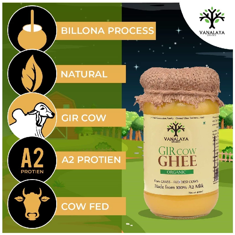 PURE GIR GHEE: Vanalaya gir cow ghee is nutritious, healthy, pure and unadulterated ghee with a2 proteins made from a2 milk of indian native cows. ...Show more
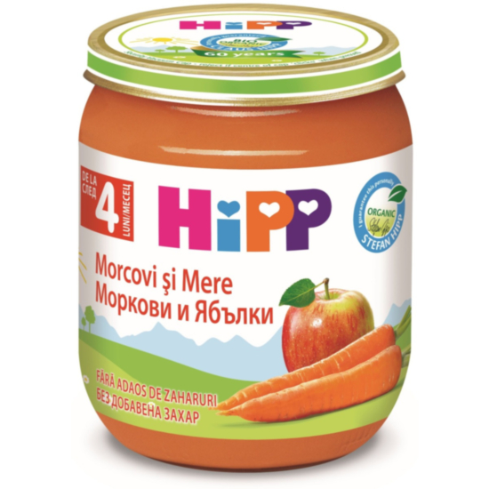 ХИП 4263 ПЮРЕ МОРКОВИ С ЯБЪЛКИ 125ГР - Био плодовото пюре от Hipp е подходящо както за десерт, така и за лека закуска между храненията. Може да се добавя към млякото или към различни каши. То не съдържа оцветители, ароматизатори, консерванти, сгъстители, както и ГМО и глутен.
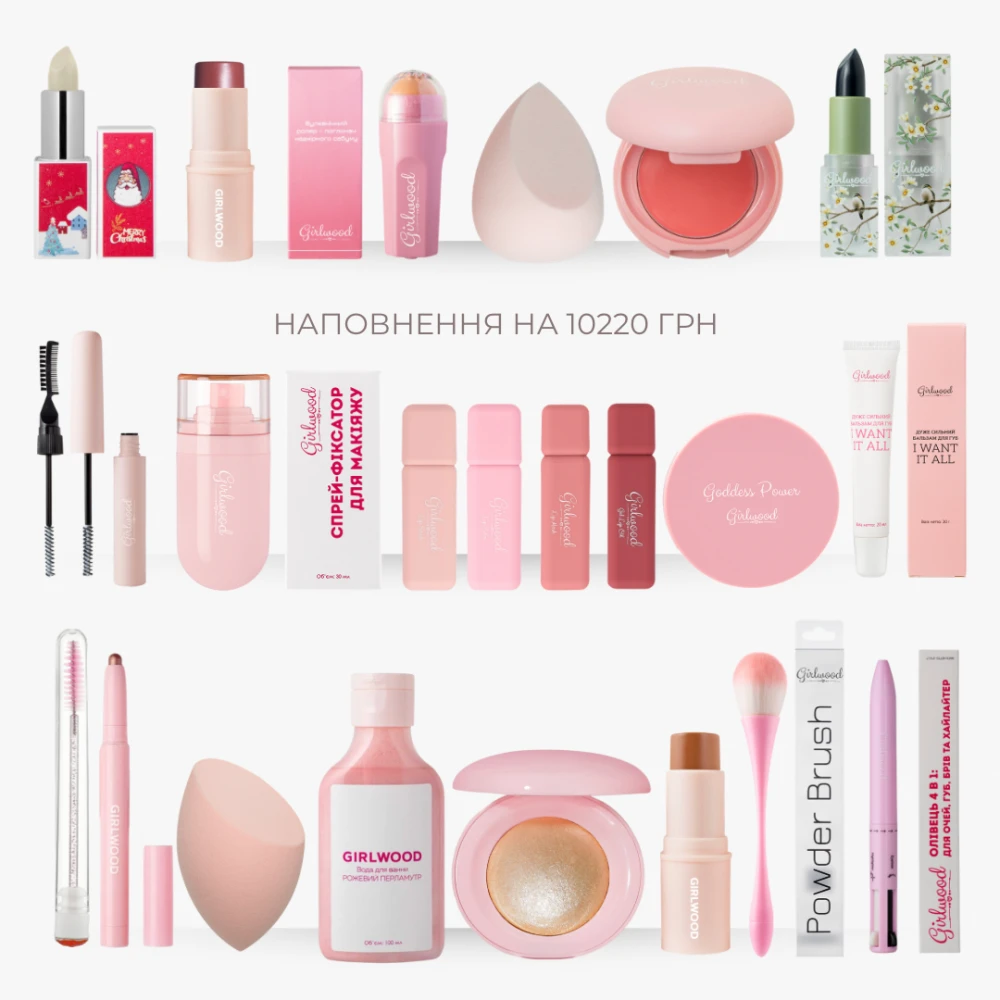 Адвент-календар із 24 комірками, beauty-бокси різного розміру і наповнення та сети засобів для губ і обличчя — у бренду Girlwood ти знайдеш класні набори з вайбом pink magic. Зверни увагу на нові пептидні блиски-бальзами для губ з ароматами і назвами коктейлів (звісно, наш фаворит — «Космополітан»!), сяйливі хайлайтери та ніжні румʼяна у стіках, з якими легко можна зробити no makeup makeup.
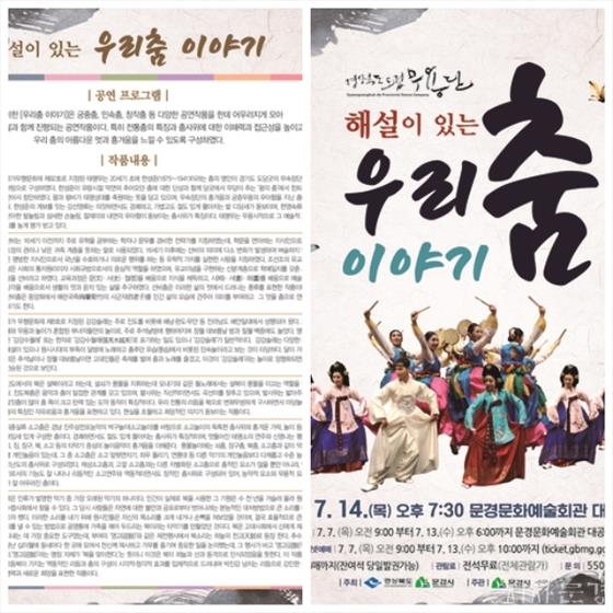 °æ»óºÏµµ µµ¸³¹«¿ë´ÜÀÇ ¡®Çؼ³ÀÌ ÀÖ´Â ¿ì¸®Ãã À̾߱⡯°¡ 7¿ù 14ÀÏ 19:30ºÐ¿¡ ¹®°æ¹®È¿¹¼úȸ°ü ´ë°ø¿¬Àå¿¡¼ ÁøÇàµÈ´Ù.
=====
#### What you have to do
Copy exactly, please, every line from the one holding "ХИП 4263 ПЮРЕ" through the last line of the data, both ends included, and no pictures.

#### Your response
 ХИП 4263 ПЮРЕ МОРКОВИ С ЯБЪЛКИ 125ГР - Био плодовото пюре от Hipp е подходящо както за десерт, така и за лека закуска между храненията. Може да се добавя към млякото или към различни каши. То не съдържа оцветители, ароматизатори, консерванти, сгъстители, както и ГМО и глутен.
 Адвент-календар із 24 комірками, beauty-бокси різного розміру і наповнення та сети засобів для губ і обличчя — у бренду Girlwood ти знайдеш класні набори з вайбом pink magic. Зверни увагу на нові пептидні блиски-бальзами для губ з ароматами і назвами коктейлів (звісно, наш фаворит — «Космополітан»!), сяйливі хайлайтери та ніжні румʼяна у стіках, з якими легко можна зробити no makeup makeup.
 °æ»óºÏµµ µµ¸³¹«¿ë´ÜÀÇ ¡®Çؼ³ÀÌ ÀÖ´Â ¿ì¸®Ãã À̾߱⡯°¡ 7¿ù 14ÀÏ 19:30ºÐ¿¡ ¹®°æ¹®È¿¹¼úȸ°ü ´ë°ø¿¬Àå¿¡¼ ÁøÇàµÈ´Ù.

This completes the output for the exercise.